Sometimes, for variety, he boiled a large kettle of water and poured it over the rats, emulating the neighbours who were brave enough to exterminate their own trappings. But unlike them, he poured the boiling water a little at a time. As the rats squealed and writhed in agony, he watched their reactions with great interest, particularly their tails, proud of the pretty colours he could bestow on them. He giggled to himself as they turned from grey to pink, and then red. If the scalding did not kill them before he ran out of boiling water, he dropped them in the bucket.

One day, Tehmul’s secret was discovered. No one seriously censured him for it. The neighbours agreed, however, never again to hand over a live rat to Tehmul.

But perhaps he understood more than people assumed. When Miss Kutpitia mentioned rat-catcher his grin disappeared and his face clouded shamefully. ‘Gustadbigbigfatrats. Municipalrats.
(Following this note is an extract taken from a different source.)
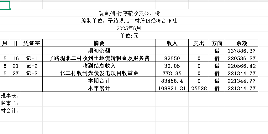 阳谷县金斗营镇子北二村资金公开明细表2025.06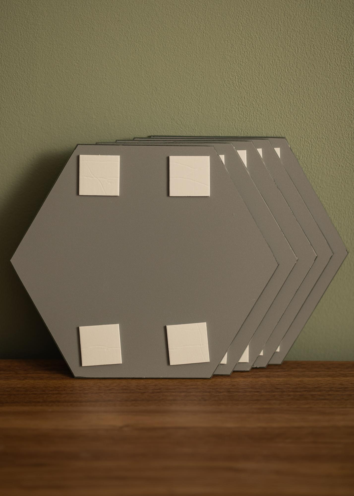 Disse supermoderne speilene med sekskantet form selges som 5-pakning og leveres sammen med dobbeltsidig teip for enkel montering på veggen.

GustadGustaddrowningswimmingratsdivingrats. Chickenranbigknife.’

‘Yes,’ said Gustad, ‘OK.’ He had never quite decided on the best way of conversing with Tehmul. He invariably found himself speaking faster and faster if he was not careful. It was safest to use nods and gestures, combined with monosyllabic responses.

Tehmul followed him to the flat. He grinned and waved goodbye. Dilnavaz, Roshan and the boys were waiting by the door. ‘The string was untied from the chicken’s leg,’ said Gustad. ‘How that happened is what I am wondering.’ He looked meaningfully at them. The butcher returned to the kitchen, the bird firmly in his grasp this time, and Roshan’s eyes started to fill. ‘Yes,’ said Gustad sternly, ‘I would like to know very much how. Expensive chicken I buy, to celebrate birthday and IIT, then the string is untied. What kind of thanks is that?’

From the kitchen came the tell-tale screech. The butcher emerged, wiping his knife on a rag. ‘Good chicken,
seth,
lots of meat.’ He left with a salaam in Gustad’s general direction.

Roshan burst into sobs, and Gustad abandoned his line of questioning. All four looked at him accusingly, then Dilnavaz went to the kitchen.

Two crows were peering curiously through the wire mesh of the window. The limp mass of feathers and flesh on the stone parapet beside the tap held their attention. When she entered, they cawed frantically and spread their wings, hesitating for a moment, then flew away.